◆ Information provided:

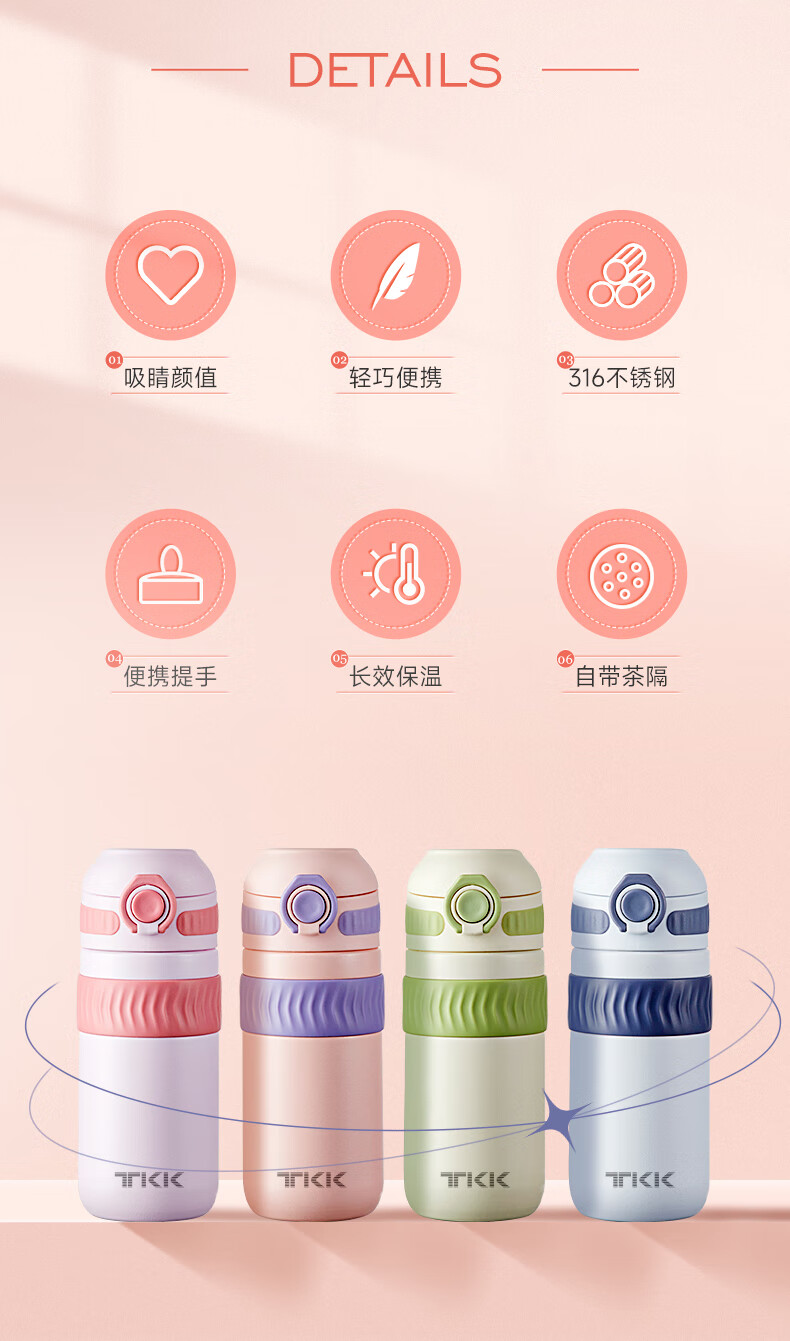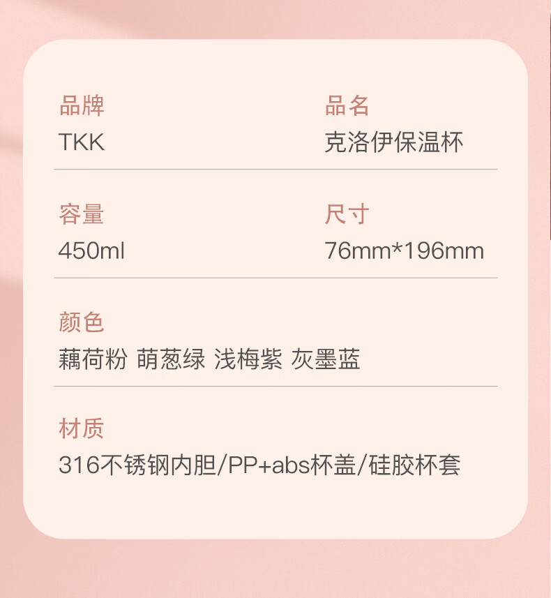 商品名称:TKK2006 藕荷粉 450ml 克洛伊保温杯(单位:个)
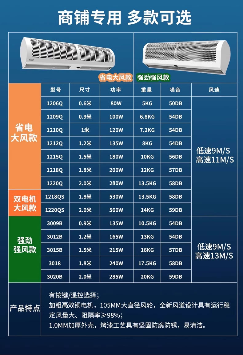 Meila 바람 커튼 기계 상업 바람 커튼 기계 조용한 빛 소리 레스토랑 문 공기 커튼 슈퍼마켓 전용 상점
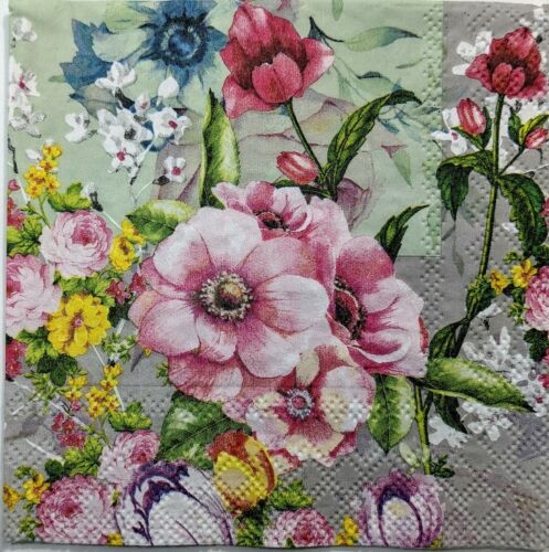 TWO Individual Paper Cocktail Decoupage Napkins-Meghan Colorful Pink Blooms 1150
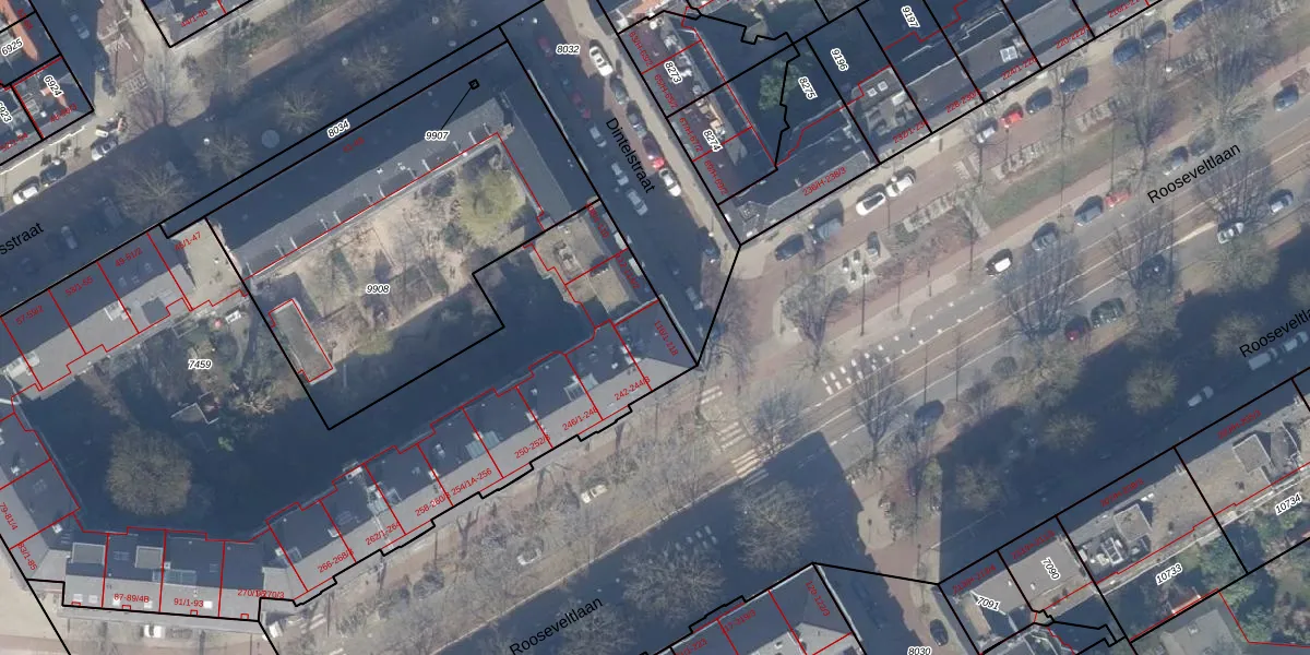Dintelstraat 116-3 is gelegen op kadastraal perceel ASD18V7459. Deze kadastrale aanduiding is uniek en wordt gebruikt door het Kadaster om eigendomsrechten en andere zakelijke rechten vast te leggen. Het perceel maakt onderdeel uit van de kadastrale gemeente Amsterdam.

◆ Exercise description:
The material above should be repeated word for word, with every picture omitted.

◆ Solution to this exercise:
 商品名称:TKK2006 藕荷粉 450ml 克洛伊保温杯(单位:个)
 Meila 바람 커튼 기계 상업 바람 커튼 기계 조용한 빛 소리 레스토랑 문 공기 커튼 슈퍼마켓 전용 상점
 TWO Individual Paper Cocktail Decoupage Napkins-Meghan Colorful Pink Blooms 1150
Dintelstraat 116-3 is gelegen op kadastraal perceel ASD18V7459. Deze kadastrale aanduiding is uniek en wordt gebruikt door het Kadaster om eigendomsrechten en andere zakelijke rechten vast te leggen. Het perceel maakt onderdeel uit van de kadastrale gemeente Amsterdam.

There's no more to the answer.